Since taking steps to leave social media, my kids have noticed my presence. They’ve noticed my increased interaction and the fact that my phone isn’t in front of my face while I’m responding to them. Ultimately, leaving social media is as much for them as it is for me.

I hope to give my children a tangible childhood. One where they see that I’m as interested in their life as they are. Where they have albums to flip through, questions to ask, and creativity to explore. One where they understand that having a device on their person 24/7 shouldn’t be part of the human experience- where they value human interaction because it was modeled for them by their mom and dad.
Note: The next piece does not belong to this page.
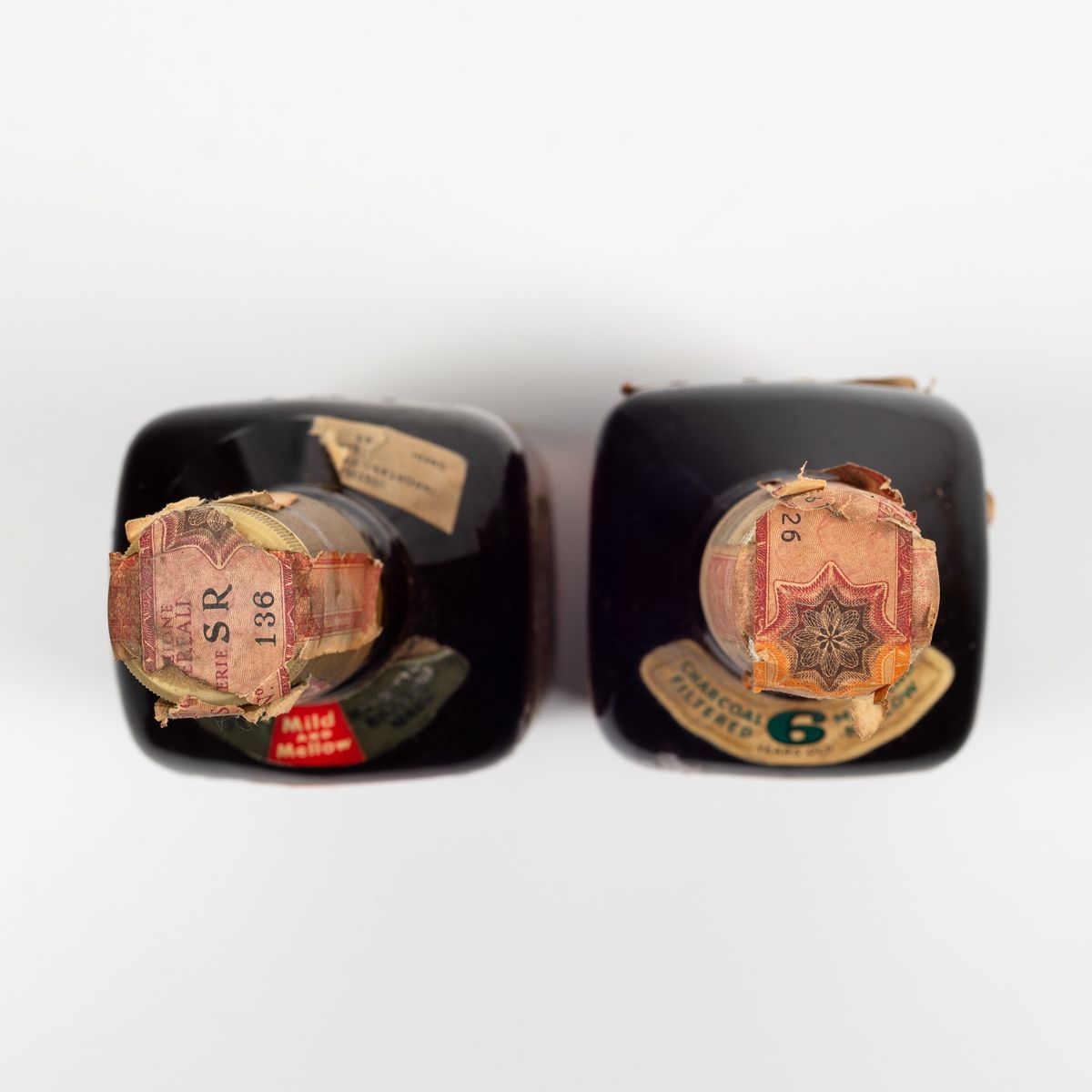etichette e capsule con segni d'usura del tempo

I decided to leave Facebook and Instagram because my children watch how I live and build their understanding of how the world works based on how they see me doing life. My hope is that by removing this large, 16 year, deeply entangled portion of my life, they’ll grow up with a more healthy, balanced view of technology. They’ll understand that technology is a tool, meant to be used to help us move forward, to help us live a truly more enjoyable life, and meant to be put down when we’re not working toward a goal. That they’ll see life as tangible and explorable, door open wide, with freedom-from-cultural-expectations beckoning, and have no trouble walking through the door with smiles on their faces. Because they watched their mom walk through the same door years before.